Historisk arkiv

Revised National Budget 2007:

Strong economic expansion and unemployment at a 20 year low

Historisk arkiv

Publisert under: Regjeringen Stoltenberg II

Utgiver: Finansdepartementet

Growth in the Norwegian economy has been strong for the past three years, with Mainland-GDP expanding by around 4½ per cent annually. The strong growth is expected to continue in 2007. Employment has increased substantially and the unemployment rate is now the lowest in almost 20 years.

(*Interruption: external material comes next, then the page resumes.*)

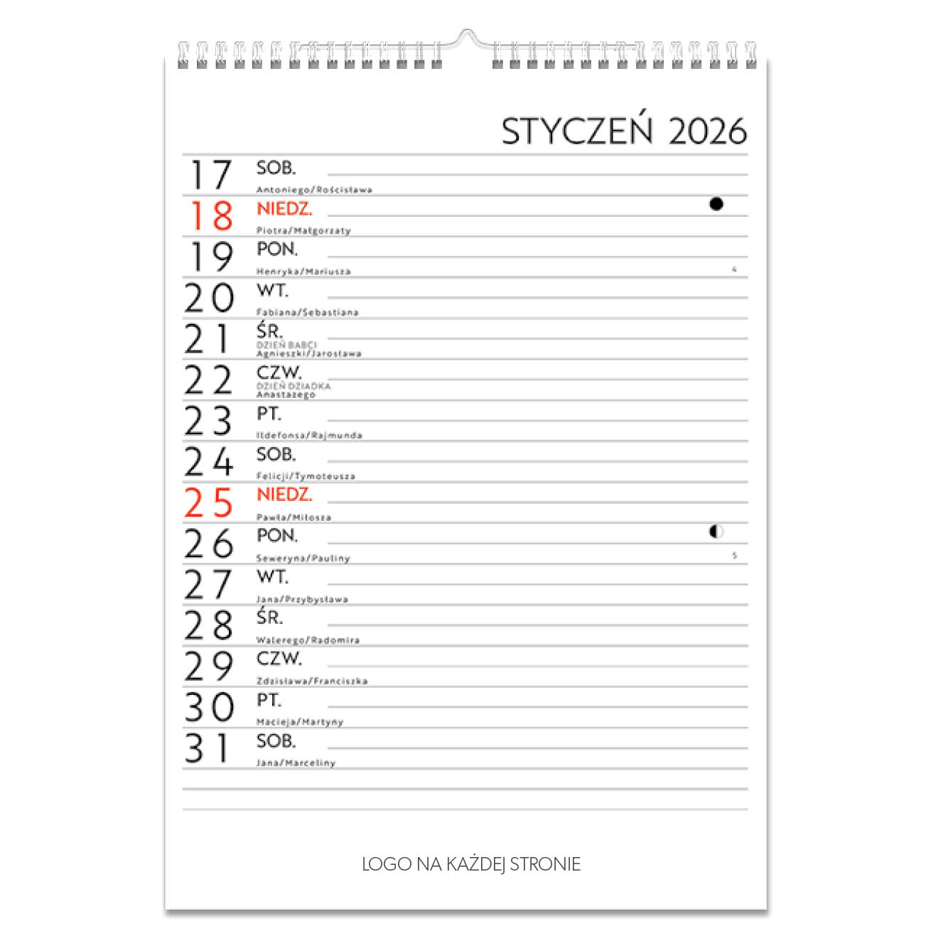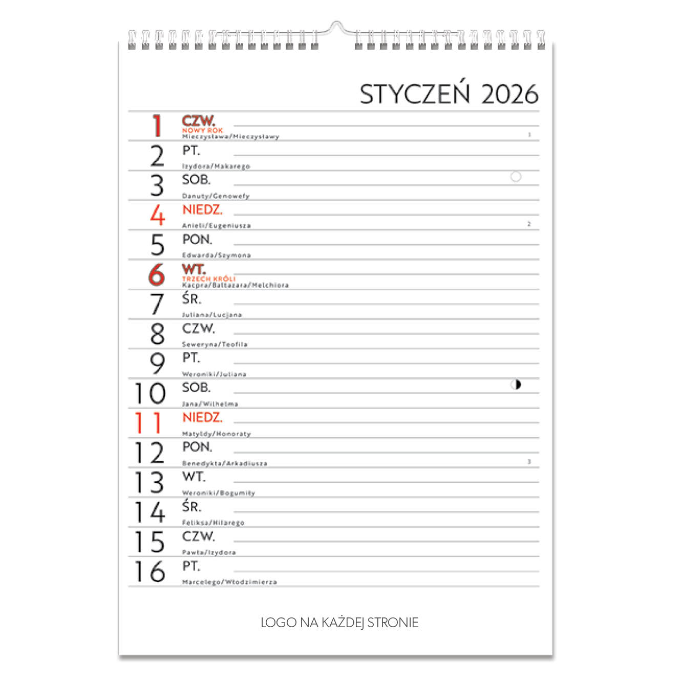 Nástenný kalendár 2026 poľský Štrnásťdňový

Growth in the Norwegian economy has been strong for the past three years, with Mainland-GDP expanding by around 4½ per cent annually. The strong growth is expected to continue in 2007. Employment has increased substantially and the unemployment rate is now the lowest in almost 20 years.  In light of this, the Government emphasises the need for fiscal policy to underpin a continued balanced development of the Norwegian economy. The Government proposes a revised Fiscal Budget for 2007 with an estimated structural, non-oil deficit somewhat lower than in the approved budget and below the expected 4 per cent real return on the Fund.

Growth in Mainland Norway (excluding petroleum and shipping) is now forecast at 3.7 per cent in 2007. This is 0.8 percentage points higher than estimated in the National Budget 2007, due to higher estimated private consumption and stronger expected growth in petroleum investments. Employment growth is expected at 2.1 per cent and the unemployment rate is estimated to decline from 3.4 per cent in 2006 to 2.5 per cent in 2007.

The guidelines for economic policy stipulate that fiscal policy shall be geared towards a gradual and sustainable use of petroleum revenues. Over time the structural non-oil deficit shall correspond to the expected real return on the Government Pension Fund - Global, estimated at 4 per cent. Long-term budget challenges, due to future increase in pension costs in the National Insurance Scheme and other age-related expenses, underline the need for a prudent fiscal policy.

Since the fiscal guidelines were established in 2001, the use of petroleum revenues has exceeded the expected real return on the Pension Fund – Global. However, newly released state accounts show that the use of petroleum revenues was on par with the 4 per cent fiscal rule in 2006. The Government proposes a revision of the Fiscal Budget 2007 with a structural, non-oil budget deficit at NOK 67.8 billion, which is NOK 3.5 billion lower than the expected 4 per cent real return on the Fund.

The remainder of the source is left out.